May God save us from smug self-righteousness that puffs up and makes us look down on others. May He give us humble and contrite hearts, that we may know His mercy and forgiveness. On this day of penitence, let us confess once again that we are too often the very opposite of the love we see in Jesus. For we are impatient and unkind; we are jealous and boastful; we have been arrogant and rude. We insist on our own way; we are irritable and resentful; we’ve rejoiced in the wrong and not in the right. Lord, have mercy on me, a sinner.

The Lenten season that begins with Ash Wednesday is meant to be a time for self-examination, a time to take a spiritual self-inventory, not for the purpose of comparing ourselves to others, but to Jesus.
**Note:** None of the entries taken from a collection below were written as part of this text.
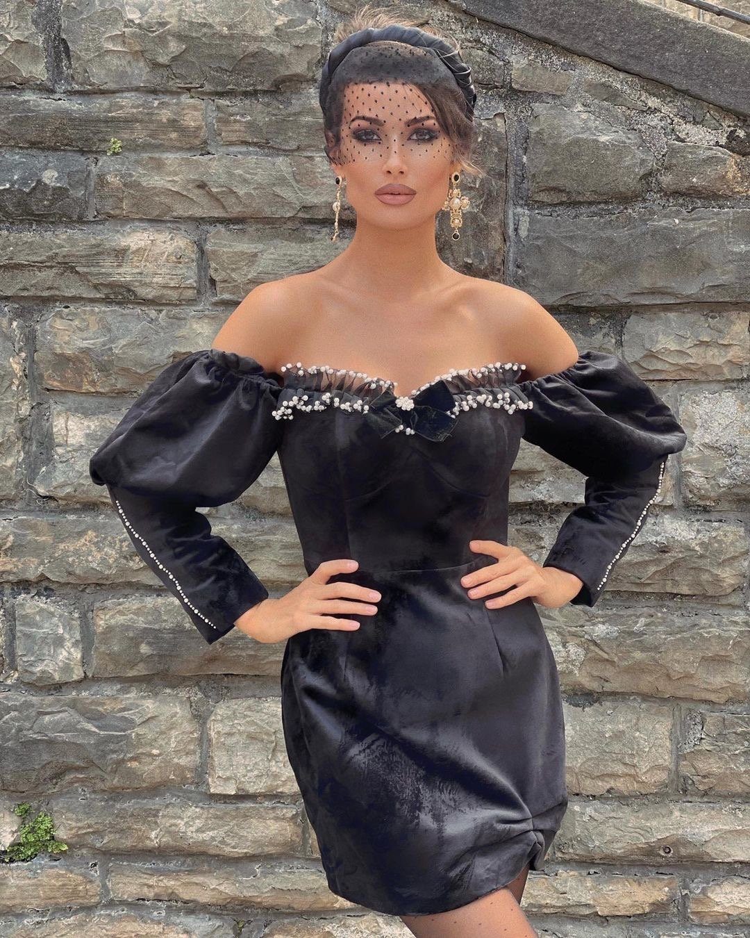 Our Selene Dress is a must have! featuring an off-the-shoulder neckline and a sexy velvet fabric. Style with heels and a mini bag for a look we're loving!
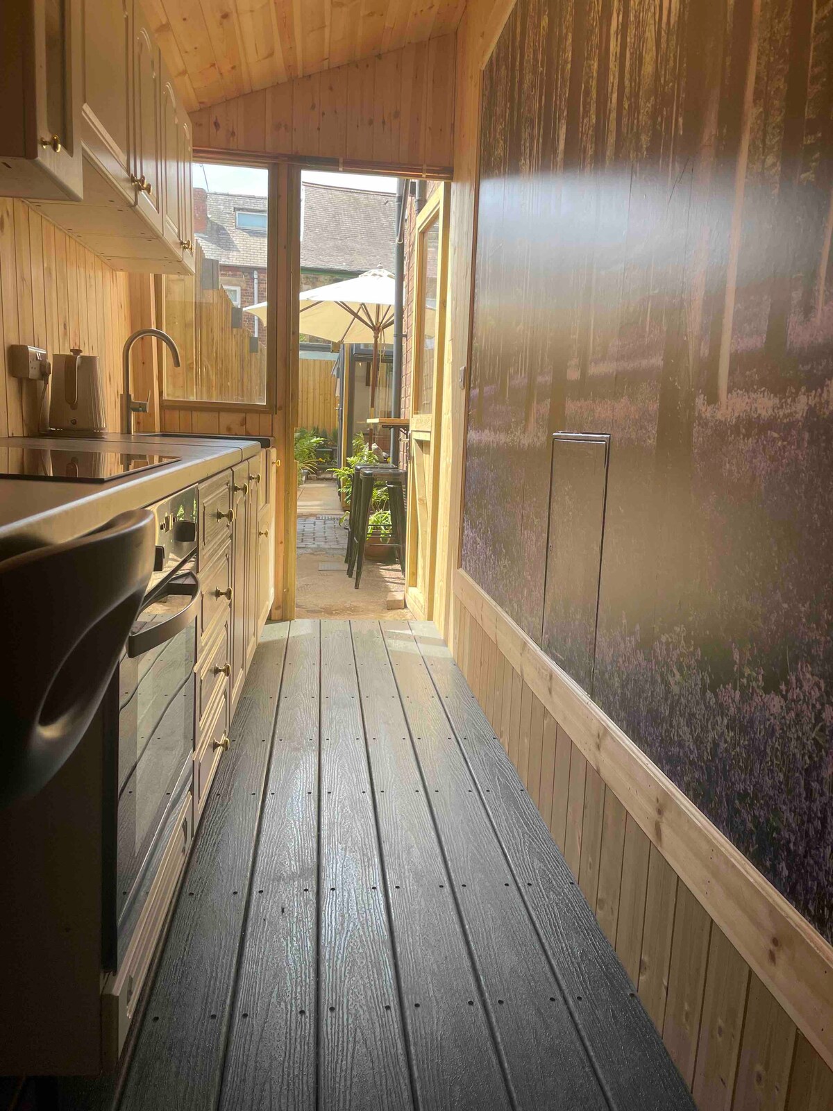 Park on the drive and enter the galley kitchen that leads to a garden oasis, designed for peace and tranquility. Walk across the courtyard with outdoor dining table and enter the cabin which has a bedroom with en-suite and lounge. This is an indoor / outdoor dining experience as well as enjoyment from evenings out in the local restaurants and pubs. There are local walks 15 minutes away. Set back from Green Lane which can be a little busy at certain times of the day.
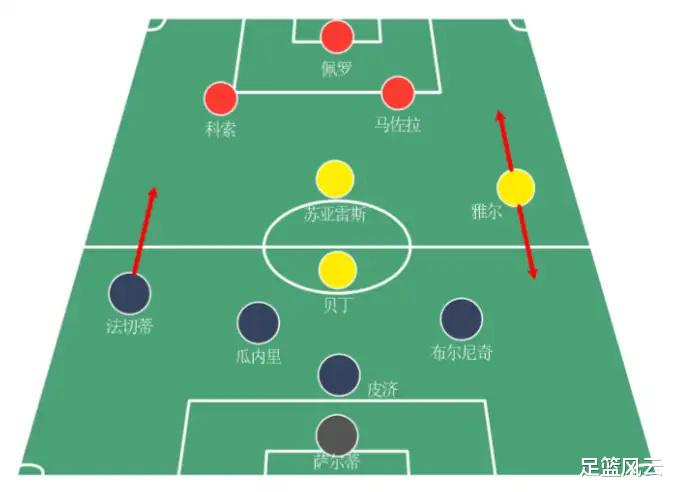 不过这套阵型也并不是说完美无缺,大家看图片也能知道,如果球队要有链式防守,中场控制力是比较差的,会显得“重守轻攻”,球队的推进、渗透会成为一个大问题。

It begins when we ask God to help us see ourselves, not as others may see us, but as God in His mercy and love sees us. We need God’s help to see ourselves as we really are, not as what we so often pretend to be. And of course, God knows us better than we know ourselves – for He is the one “unto whom all hearts are open, all desires known, and from whom no secrets are hid.”

But this is where the good news of the Gospel enters in: Though God knows our faults and failures, still He loves us and reaches out to us in mercy. In spite of our sin-full-ness, He forgives us and reconciles us to Himself, by the blood of Jesus on the cross, who died to save sinners, like you and me. He sees the potential for good that is within us and draws out the best in us by the inner working of His Holy Spirit, “who can do infinitely more than we can ask or imagine.”  (Ephesians 3:20)

Let us pray.

Lord, during this season of Lent, make us humble and loving servants of your Kingdom. Help us to see the goodness in others and to love them as you love them. Take away from us pride and self-righteousness, and fill our hearts with a deeper love for Jesus and for others each day of our lives. Amen.